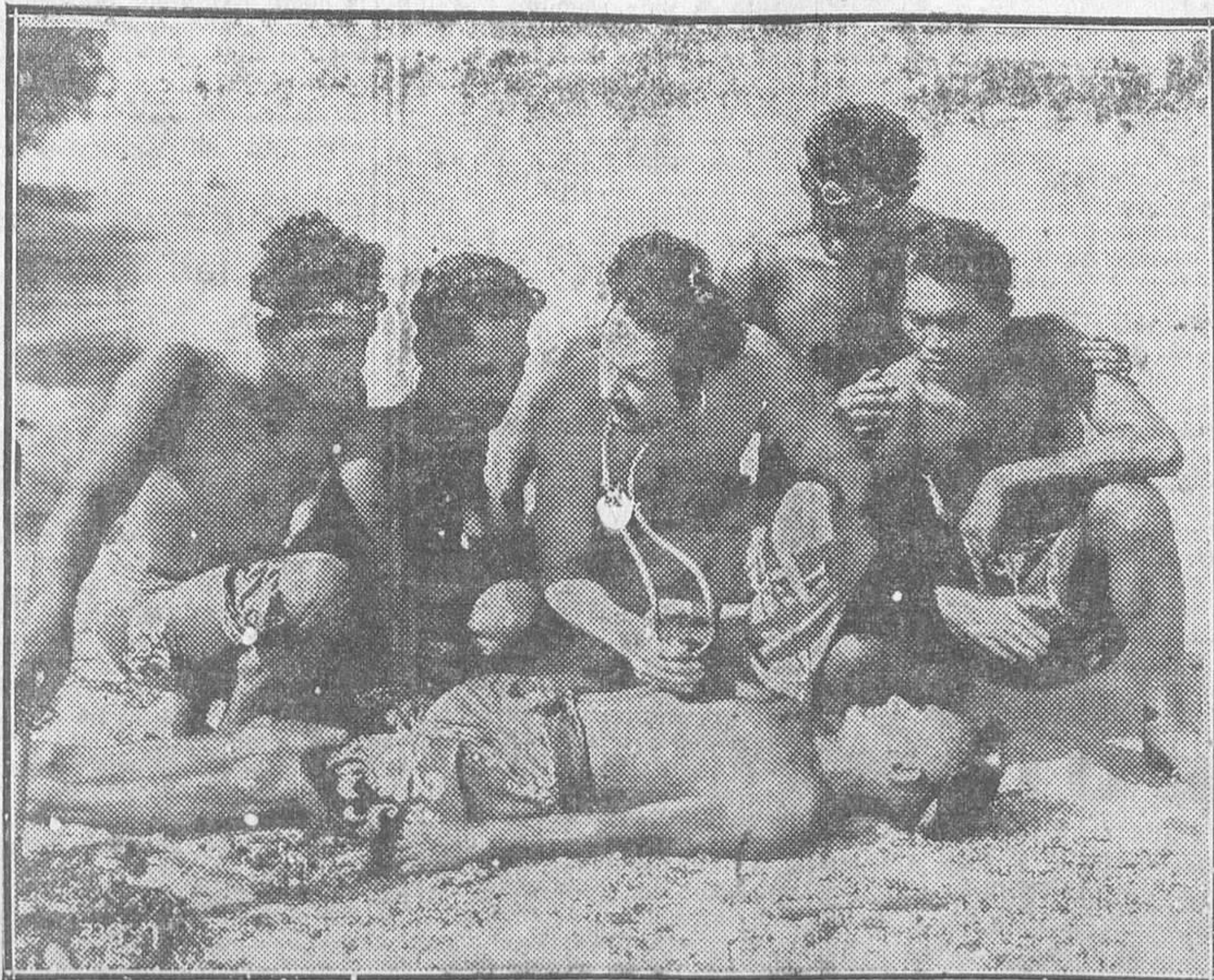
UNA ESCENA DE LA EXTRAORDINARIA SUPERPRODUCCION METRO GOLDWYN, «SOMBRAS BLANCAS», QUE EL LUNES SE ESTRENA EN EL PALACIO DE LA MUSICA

· · · · · · ·

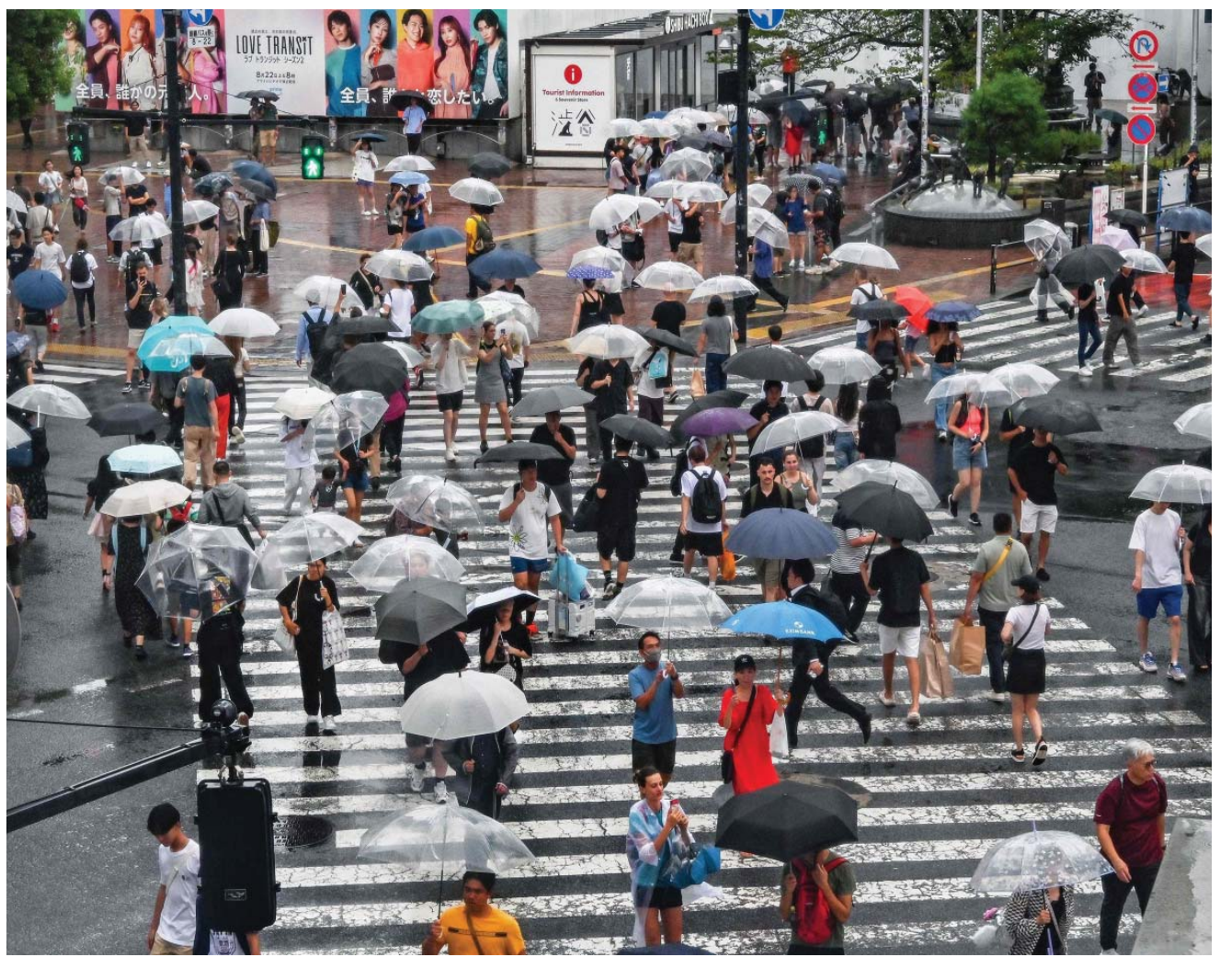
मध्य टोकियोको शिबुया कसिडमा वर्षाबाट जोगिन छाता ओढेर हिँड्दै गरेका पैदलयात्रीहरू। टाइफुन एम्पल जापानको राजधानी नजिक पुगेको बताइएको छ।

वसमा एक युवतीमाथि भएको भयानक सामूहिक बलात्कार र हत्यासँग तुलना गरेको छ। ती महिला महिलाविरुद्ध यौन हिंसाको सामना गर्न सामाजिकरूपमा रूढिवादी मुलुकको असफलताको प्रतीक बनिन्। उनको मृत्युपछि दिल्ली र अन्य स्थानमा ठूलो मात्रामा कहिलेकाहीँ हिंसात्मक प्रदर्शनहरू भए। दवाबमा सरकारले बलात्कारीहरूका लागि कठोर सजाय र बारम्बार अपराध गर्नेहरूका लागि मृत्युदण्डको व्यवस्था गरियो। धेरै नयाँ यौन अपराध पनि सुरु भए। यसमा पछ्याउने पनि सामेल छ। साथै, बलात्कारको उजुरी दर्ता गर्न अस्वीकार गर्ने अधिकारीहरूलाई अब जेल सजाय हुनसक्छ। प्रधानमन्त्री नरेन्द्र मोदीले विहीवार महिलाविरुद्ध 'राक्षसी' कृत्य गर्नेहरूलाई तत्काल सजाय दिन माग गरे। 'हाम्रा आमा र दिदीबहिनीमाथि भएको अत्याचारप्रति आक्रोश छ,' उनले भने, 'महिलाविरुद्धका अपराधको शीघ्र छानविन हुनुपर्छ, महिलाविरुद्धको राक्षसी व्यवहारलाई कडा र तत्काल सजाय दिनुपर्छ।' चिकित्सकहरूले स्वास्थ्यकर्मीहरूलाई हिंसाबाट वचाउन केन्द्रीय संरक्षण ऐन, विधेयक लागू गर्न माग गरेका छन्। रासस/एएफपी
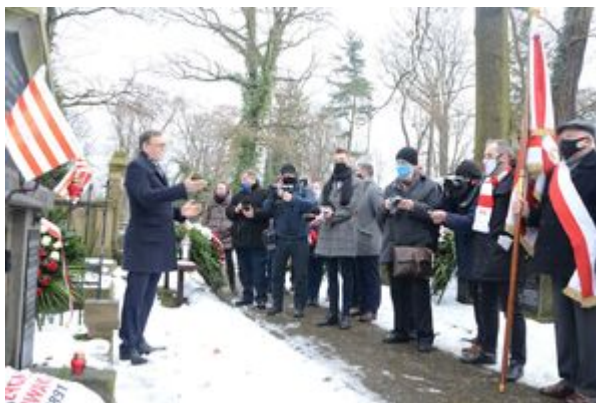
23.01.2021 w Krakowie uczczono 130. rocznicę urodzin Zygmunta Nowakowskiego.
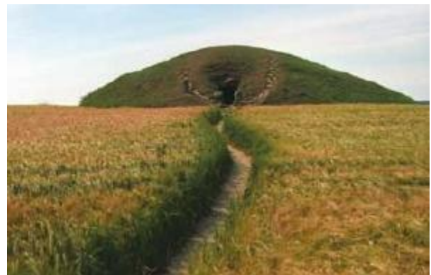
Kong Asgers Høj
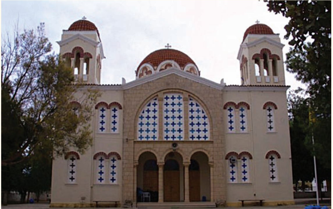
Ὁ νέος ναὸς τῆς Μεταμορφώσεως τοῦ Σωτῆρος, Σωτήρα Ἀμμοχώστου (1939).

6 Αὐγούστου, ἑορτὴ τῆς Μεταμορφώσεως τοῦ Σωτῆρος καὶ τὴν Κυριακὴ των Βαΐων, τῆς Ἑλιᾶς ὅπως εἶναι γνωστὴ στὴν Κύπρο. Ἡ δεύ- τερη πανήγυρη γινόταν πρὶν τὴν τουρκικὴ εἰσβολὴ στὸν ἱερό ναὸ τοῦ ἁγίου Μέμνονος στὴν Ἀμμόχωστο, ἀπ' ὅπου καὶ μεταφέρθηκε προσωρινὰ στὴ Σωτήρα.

· · · · · · ·

→ **What this task involves**
Above are records; write out the lines from the one with "Kong Asgers Høj" down to the one with "6 Αὐγούστου, ἑορτὴ", exactly, leaving the pictures out.

→ **Response to this task**
Kong Asgers Høj
Ὁ νέος ναὸς τῆς Μεταμορφώσεως τοῦ Σωτῆρος, Σωτήρα Ἀμμοχώστου (1939).

6 Αὐγούστου, ἑορτὴ τῆς Μεταμορφώσεως τοῦ Σωτῆρος καὶ τὴν Κυριακὴ των Βαΐων, τῆς Ἑλιᾶς ὅπως εἶναι γνωστὴ στὴν Κύπρο. Ἡ δεύ- τερη πανήγυρη γινόταν πρὶν τὴν τουρκικὴ εἰσβολὴ στὸν ἱερό ναὸ τοῦ ἁγίου Μέμνονος στὴν Ἀμμόχωστο, ἀπ' ὅπου καὶ μεταφέρθηκε προσωρινὰ στὴ Σωτήρα.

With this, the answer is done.